* **Work task**
Reproduce the opening lines of the listing below exactly, stopping after the line that contains "All dressed up, Jerry" and leaving out any pictures.

* **Provided data**

* * * * * * *

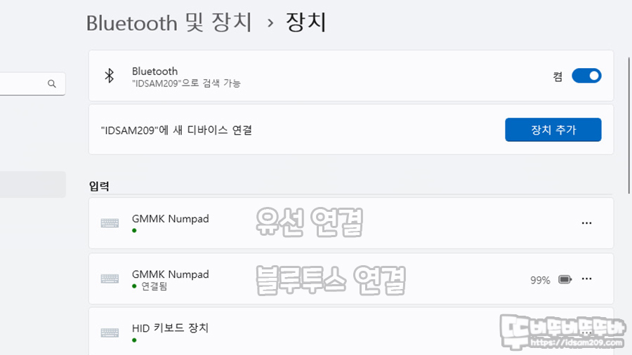 유선 연결과 무선 연결 시 기기 명칭이 동일하게 표시되지만 블루투스의 경우 배터리 잔량을 표현하는 아이콘이 추가로 표현되기에 구분이 가능네요.
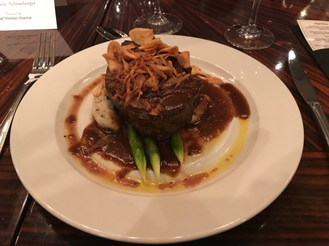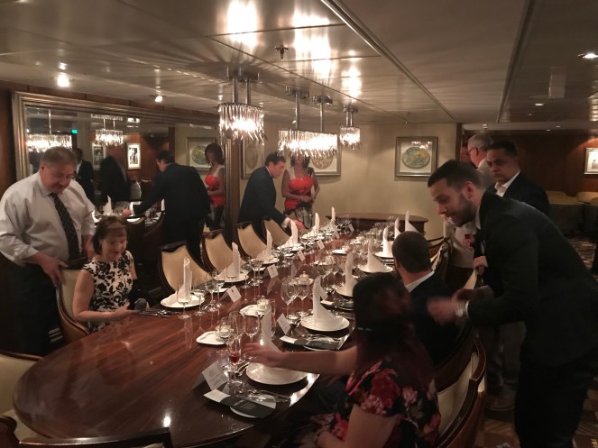 All dressed up, Jerry and I joined 11 other guests for the very exclusive Chef’s Table on deck 11. It turned out that 6 guests were from California which made for great conversation. This optional 5 course meal comes with a sommeliers selection of paired wines. It was the highlight meal of the cruise – If your ship offers it, I highly recommend signing up for it in advance as it does sell out.
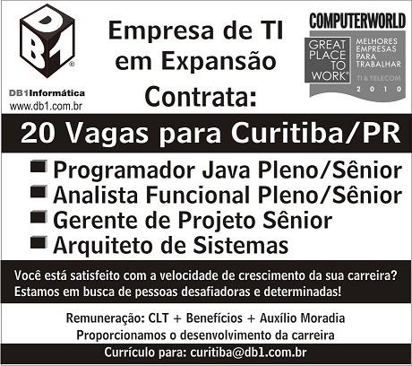 A unidade de Curitiba está trabalhando em parceria com uma fábrica de software de uma reconhecida multinacional financeira, na mesma cidade, e estamos com uma demanda de contratação muito grande, devido a grandes

* * * * * * *

* **Output for this task**
 유선 연결과 무선 연결 시 기기 명칭이 동일하게 표시되지만 블루투스의 경우 배터리 잔량을 표현하는 아이콘이 추가로 표현되기에 구분이 가능네요.
 All dressed up, Jerry and I joined 11 other guests for the very exclusive Chef’s Table on deck 11. It turned out that 6 guests were from California which made for great conversation. This optional 5 course meal comes with a sommeliers selection of paired wines. It was the highlight meal of the cruise – If your ship offers it, I highly recommend signing up for it in advance as it does sell out.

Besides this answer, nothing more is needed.